Theory – Monroe Electronics Electrostatic Voltmeter - Isoprobe® - model 244A User Manual

14

SECTION 5

THEORY

A.

GENERAL: Principle of Operation (See Figure 5-1)

The electrostatic electrode "looks" at the surface under measurement through a
small hole at the base of the probe assembly. The chopped A.C. signal induced
on this electrode is proportional to the differential voltage between the surface
under measurement and the probe assembly. Its phase is dictated by the D.C.
polarity.

The reference voltage and this mechanically modulated signal, conditioned by
the high input impedance preamplifier and signal amplifier are fed to a phase
sensitive detector whose output D.C. amplitude and polarity are dictated by the
amplitude and phase of the electrostatically induced signal relative to the
reference signal. The output of the phase sensitive detector feeds a D.C.
integrating amplifier. Its output polarity is inverted to that of the unknown. The
output of this amplifier is used to drive a H.V. amplifier (AV = -300) which in turn
drives the probe to the same potential as that of the surface under
measurement.

The probe is driven to a D.C. voltage typically within 0.1 % of the potential of the
unknown for a .040" probe-to-surface spacing. By simply metering the output of
the H.V. amplifier, one has an accurate indication of the unknown potential.

B. NULL BALANCE:

This instrument's basic operating principle, i.e., "field-nulling" provides a high
degree of immunity to errors in measurement caused by variations in probe-to-
surface separation,. (As long as the probe and the surface under measurement
are at the same potential the electrical field between them is zero, neglecting
fringing, regardless of the probe-to-surface distance.)
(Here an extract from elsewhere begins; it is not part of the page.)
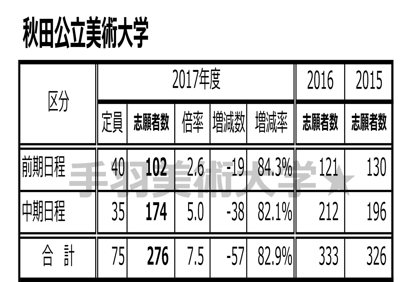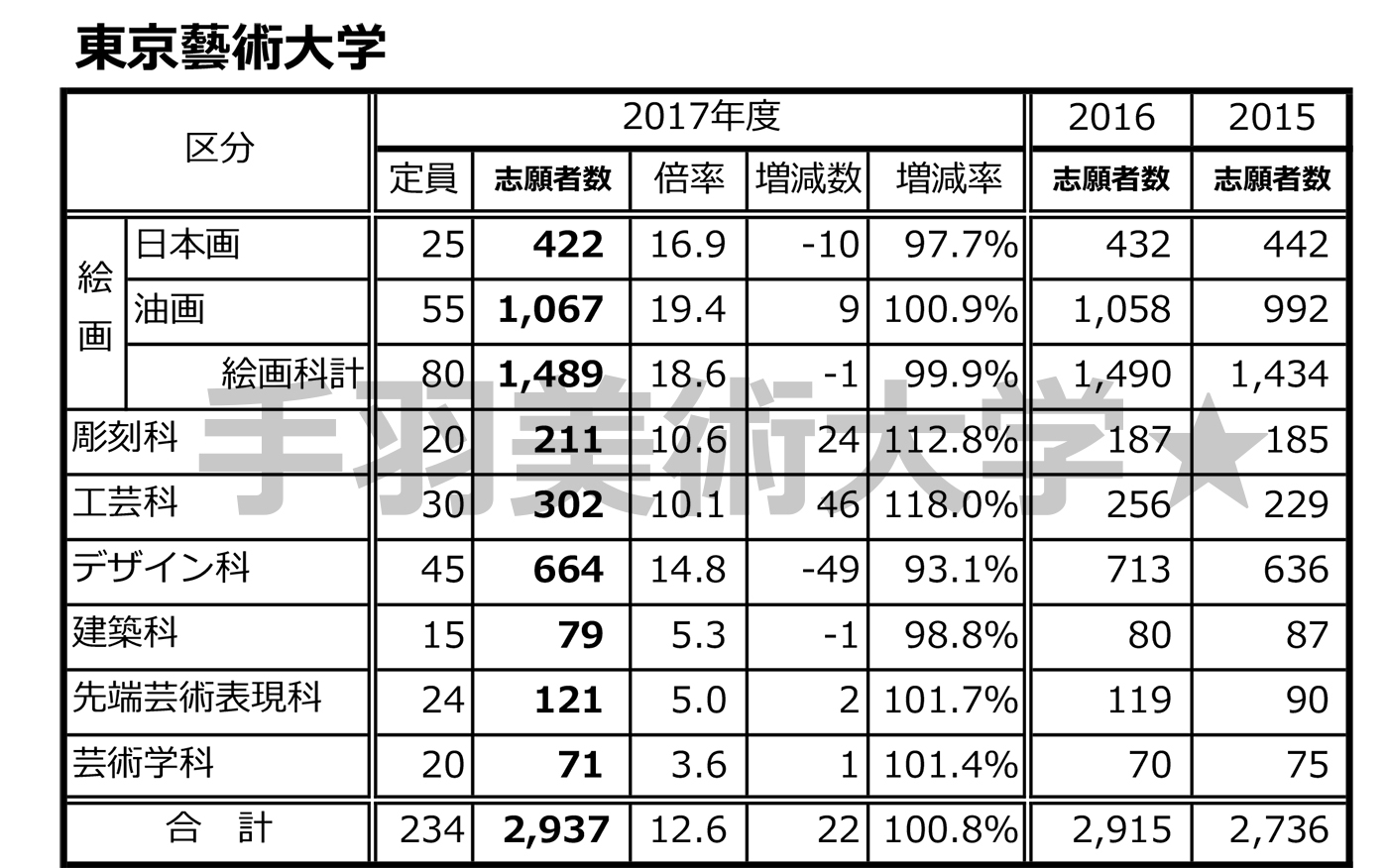 ビダモン2017 今年の国公立芸術系大学の志願者数は

If, however there exist voltage sources in the vicinity of the sensitive electrode
which are independent of the unknown to be measured, the offsets produced will
detrimentally affect the spacing independence. Such voltage sources include
contact potential differences among the internal probes parts, small specks of
charged dust particles, etc.

The null balance circuitry is provided to neutralize such offsets by applying a
voltage directly to the sensitive electrode.

C. ZERO:

The instrument's zero control is a voltage source connected in the metering
circuitry. It is used to overcome offsets produced by voltage sources external to
the probe.

D. GAIN:

The instrument functions as a closed loop unity gain voltage follower. Its open
loop gain from probe to integrator is determined by the gain of various amplifiers.
The exact gain required for optimum transient responses during a specific
measurement is determined by the probe-to-surface spacing used. In order to
accommodate measurements at various probe-to-surface spacings, a front panel
gain control is provided which controls the gain of the signal amplifier.